Yeongmin Ko received the B.S. degree in School of Electrical Engineering from Gwangju Institute of Science and Technology (GIST), Gwangju, South Korea, in 2017. He is currently pursuing the Ph.D. degree with the School of Electrical Engineering and Computer Science, Gwangju Institute of Science and Technology. His current research interests include computer vision, self-driving, and deep learning.
Younkwan Lee received the B.S. degree in computer science from Korea Aerospace University, Gyeonggi, South Korea, in 2016. He is currently pursuing the Ph.D. degree with the School of Electrical Engineering and Computer Science, Gwangju Institute of Science and Technology (GIST), Gwangju, South Korea. His current research interests include computer vision, machine learning, and deep learning.

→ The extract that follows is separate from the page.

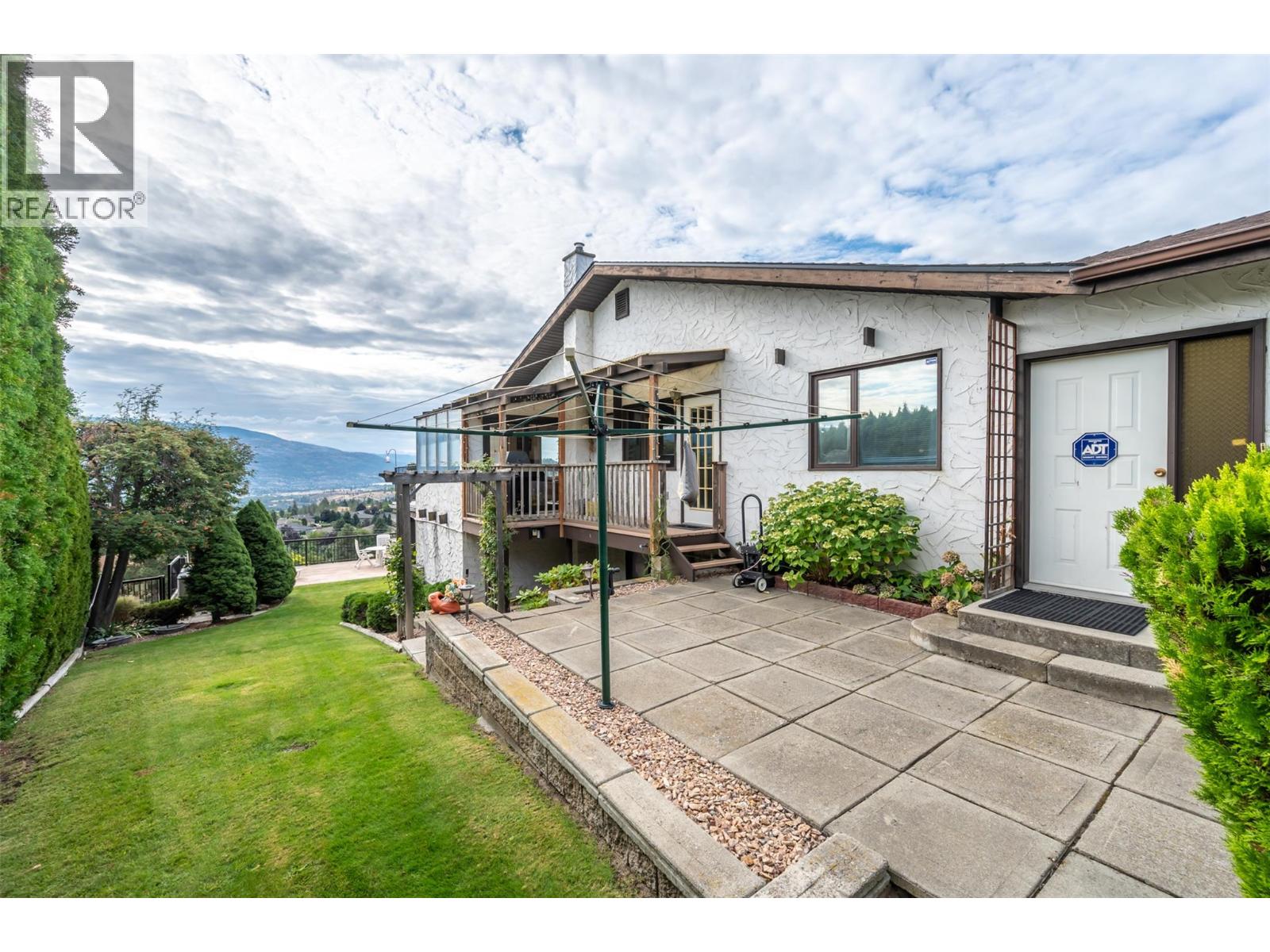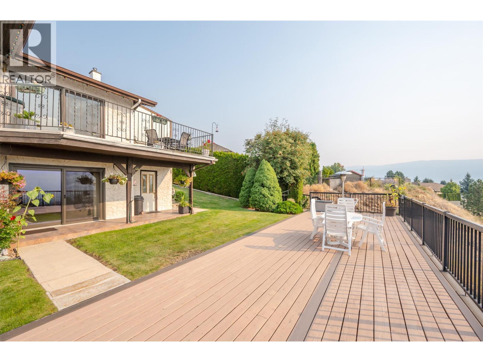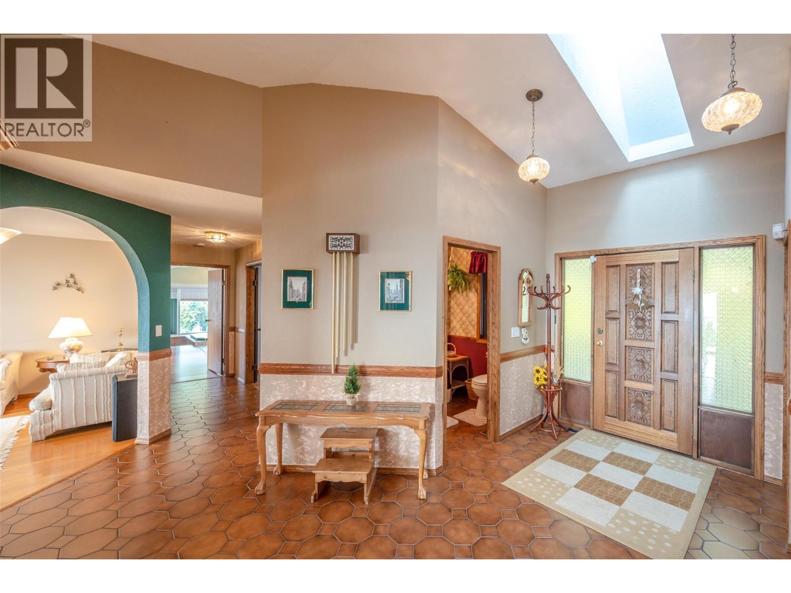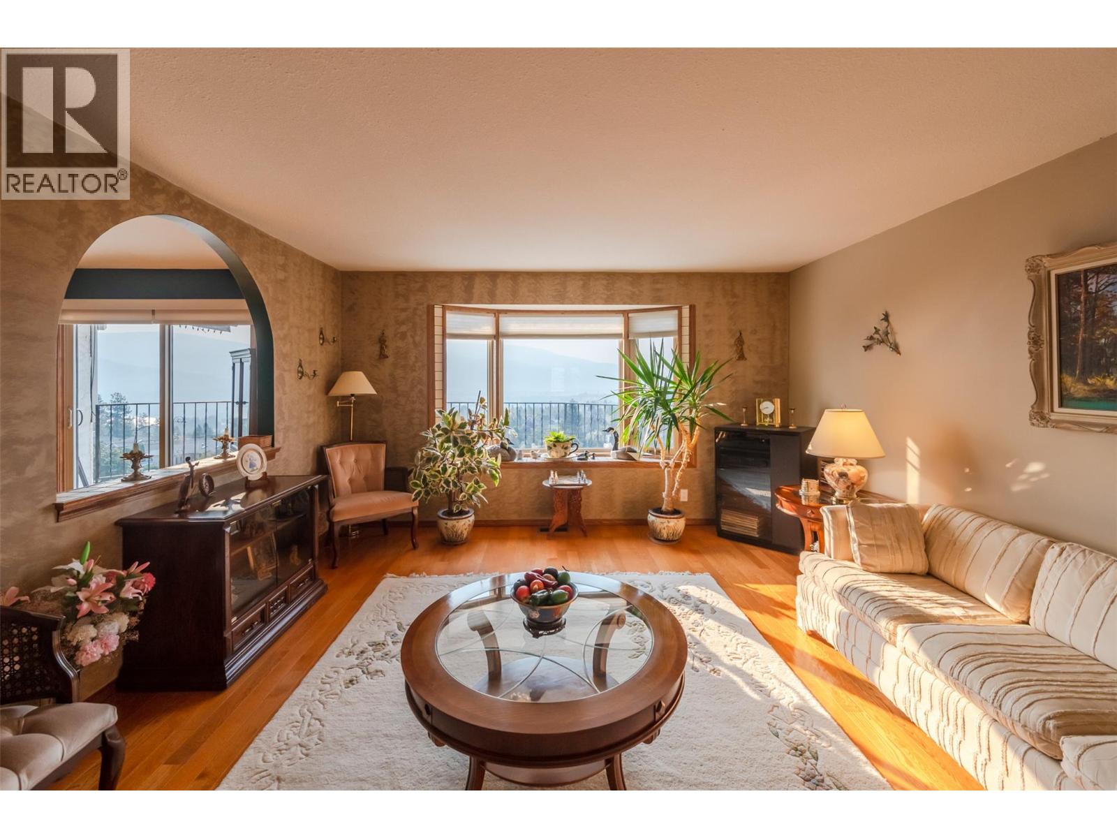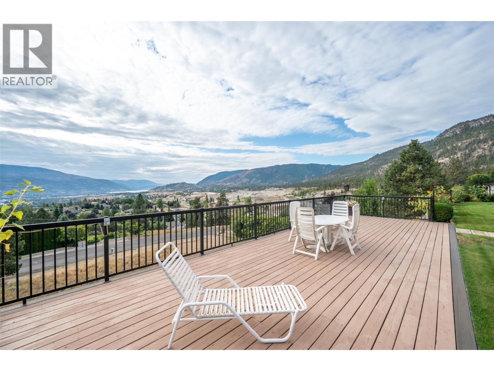 Welcome to your private estate perched high above Penticton, where breathtaking panoramic views of both Skaha and Okanagan Lake create an unforgettable backdrop - all just 3 minutes from town. This executive walk-out rancher sits on a full acre of park-like grounds with manicured hedges, a gated driveway, and endless possibilities on the lower tier of the property. This home has been meticulously maintained over the years with many updates throughout. Inside, soaring vaulted ceilings with exposed beams, engineered hardwood, and custom octagon tile create timeless character. The main floor offers 3 beds, 3 baths, an office, sunroom, and a bright family room with a wall of windows. The expansive kitchen and breakfast nook showcase stunning valley views through bay windows, while the formal dining room is ideal for hosting family gatherings. The primary suite is a true retreat with dual vanities, wic, hot tub, and direct access to the balcony. Downstairs, a summer kitchen opens to a sweeping rec room, the perfect space for the kids to play or to host extravagant parties! Along with 2 more beds, full bath with sauna, wine room, and a large workshop for hobbyists. Multiple balconies and a massive deck ensure you’ll never miss a sunset over the valley. A spacious double-car garage with extra storage adds both convenience and functionality. With its unmatched views, timeless architecture, and extraordinary lot, this is a one-of-a-kind estate! (id:47466)

Shoaib Azam received the B.S. degree in Engineering Sciences from Ghulam Ishaq Khan Institute of Science and Technology, Pakistan in 2010, and MS degree in Robotics and Intelligent Machine Engineering from National University of Science and Technology, Pakistan in 2015. He is currently pursuing the Ph.D. degree with the Department of Electrical Engineering and Computer Science, Gwangju Institute of Science and Technology, Gwangju, South Korea. His current research interests include artificial intelligence and machine learning, computer vision, robotics and autonomous driving.
Farzeen Munir received the B.S degree in Electrical Engineering from Pakistan Institute of Engineering and Applied Sciences, Pakistan in 2013, and MS degree in System Engineering from Pakistan Institute of Engineering and Applied Sciences, Pakistan in 2015. Now she is pursing her PhD degree at Gwangju Institute of Science and Technology, Korea in Electrical Engineering and Computer Science. Her current research interest include, machine Learning, deep neural network, autonomous driving and computer vision.
Moongu Jeon received the B.S. degree in architectural engineering from Korea University, Seoul, South Korea, in 1988, and the M.S. and Ph.D. degrees in computer science and scientific computation from the University of Minnesota, Minneapolis, MN, USA, in 1999 and 2001, respectively. As the masters degree researcher, he was involved in optimal control problems with the University of California at Santa Barbara, Santa Barbara, CA, USA, from 2001 to 2003, and then moved to the National Research Council of Canada, where he was involved in the sparse representation of high-dimensional data and the image processing, until July 2005. In 2005, he joined the Gwangju Institute of Science and Technology, Gwangju, South Korea, where he is currently a Full Professor with the School of Electrical Engineering and Computer Science. His current research interests include machine learning, computer vision, and artificial intelligence.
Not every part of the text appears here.